Study of Economic History

Economic history includes the study of the evolution of the economy and economic institutions. Dating to the 19th century, the subject uses ideas from economics, history, geography and political science. It must not be confused with the history of economic ideas or with the interpretation of general history using economic forces.

Distinctive contributions to Canada’s economic history came in the 1920s and 1930s both from economists such as Harold Innis, and from historians such as Donald Creighton, who stressed the importance of what they called “staple products” whose markets were abroad (see Staple Thesis). Emphasizing the importance of Canada’s distinctive geography — the Canadian Shield and the Great LakesSt. Lawrence system — they traced interactions between geography, resources, foreign markets and the inflow of people and funds from abroad. They treated regional growth in relation to the staple products.

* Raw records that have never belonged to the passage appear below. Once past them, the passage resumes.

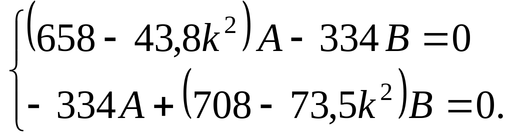 где k- неизвестная частота колебаний, А и В – неизвестные постоянные (амплитуды колебаний). После подстановки решения (1.7) в уравнения (1.6), получим систему двух однородных алгебраических уравнений относительно постоянных А и В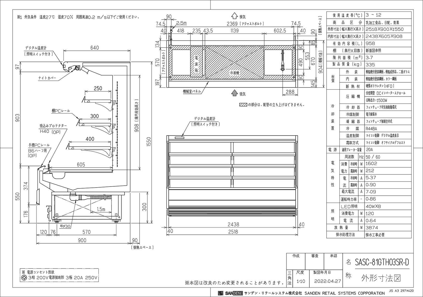サンデン 冷蔵ショーケース セミ多段タイプ SASC-81GTHO3S-D(旧SHMC-85GHTO3S-D) 幅2518×奥行910×高さ1550mm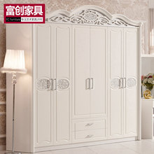 衣柜 家具法式衣柜 欧式衣柜 田园板木六门组合大衣橱象牙白储物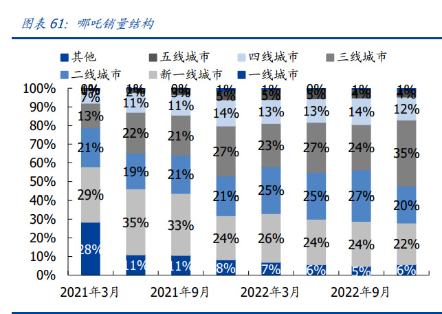 一二线单店效率高,三到五线有待挖潜。2022 年,门店分布方面,“蔚小理”高线城市 门店占比超 70%。“蔚小理”在一线城市开设直营店树立品牌形象,后逐渐向中低线城 市拓展销售网络。目前门店大部分分布在一线、新一线以及二线城市,三线至五线等低 线城市门店数量较少。 零跑和哪吒旗下有 10 万以内的走量车型,助力品牌打开低线市场。对应到门店和销量 分布,一线城市贡献较少,零跑一线城市门店占比仅为 13%,销量占比为 7%;哪吒 一线城市门店占比 7%,销量占比仅为 6%。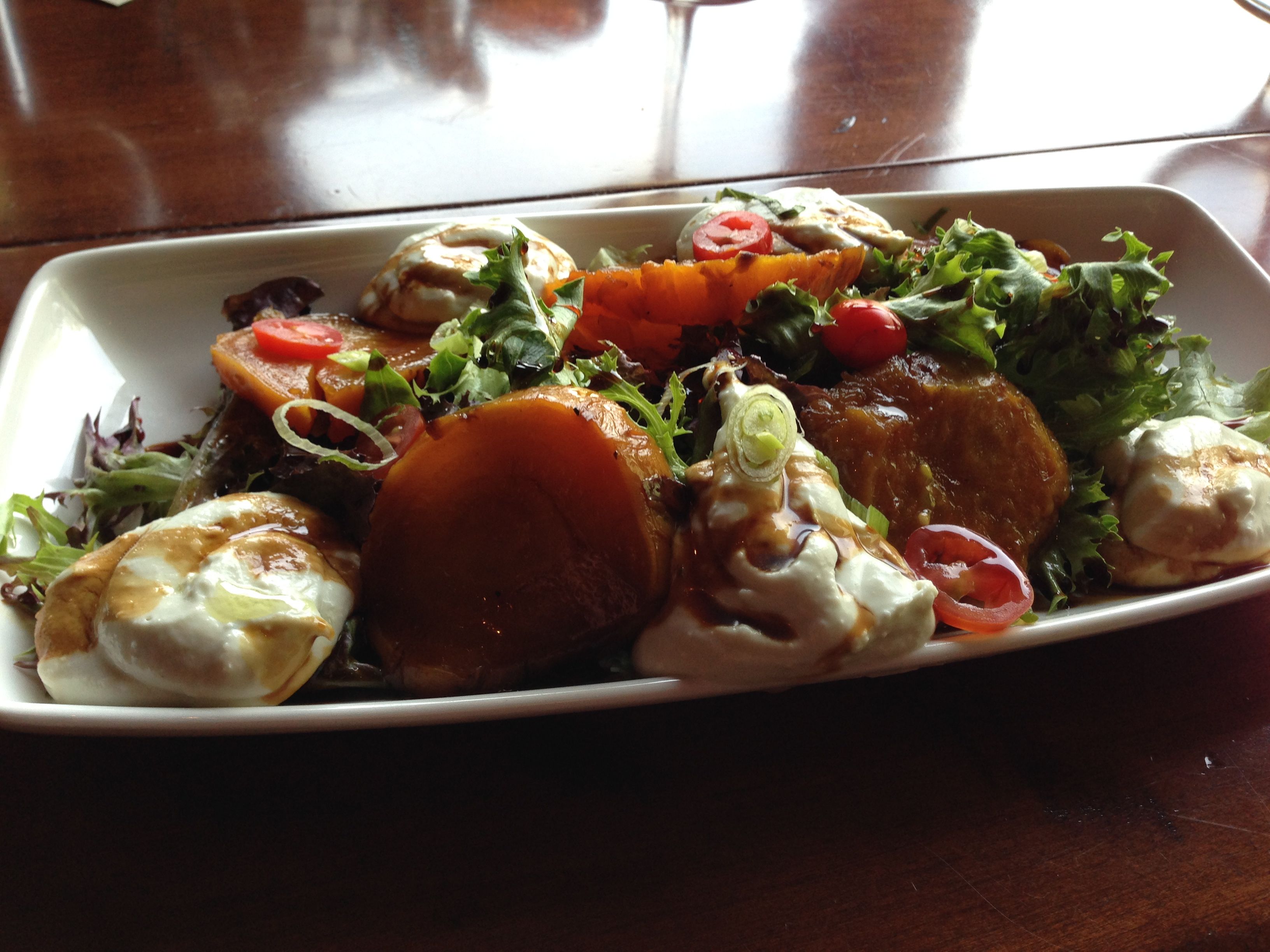This sounds like a visit to heaven. There are several red varietals there I have yet to try, as the are not common in California, so I am eager to try the Nebbiolo, Barbera, Barolo, and Abbraccio (I do love Cabs.) I might actually like the Amarone, especially after dinner with cheese. Through the Summer I have been enjoying a lot if Sauv Blanc myself. But the food here! I already love a nice Caprese, but the “cabbage, potato and gouda pierogis with caramelized onions” and golden beet salad look and sound out of this world!

More recent approaches have supplemented the old with modern economics and statistics. Work has been done in areas including working class history, urban growth, business history, the industrial development of central Canada, that fitted rather poorly into the Staple Thesis. Meanwhile, historical geographers produce invaluable material on settlement patterns and on the growth of towns, while regional studies, which staple theorists treated as components of nation-building, have become routes to regional self-confidence, especially in Quebec and Atlantic Canada. Marxist scholars share business and labour history and other fields with scholars whose ideologies are very different.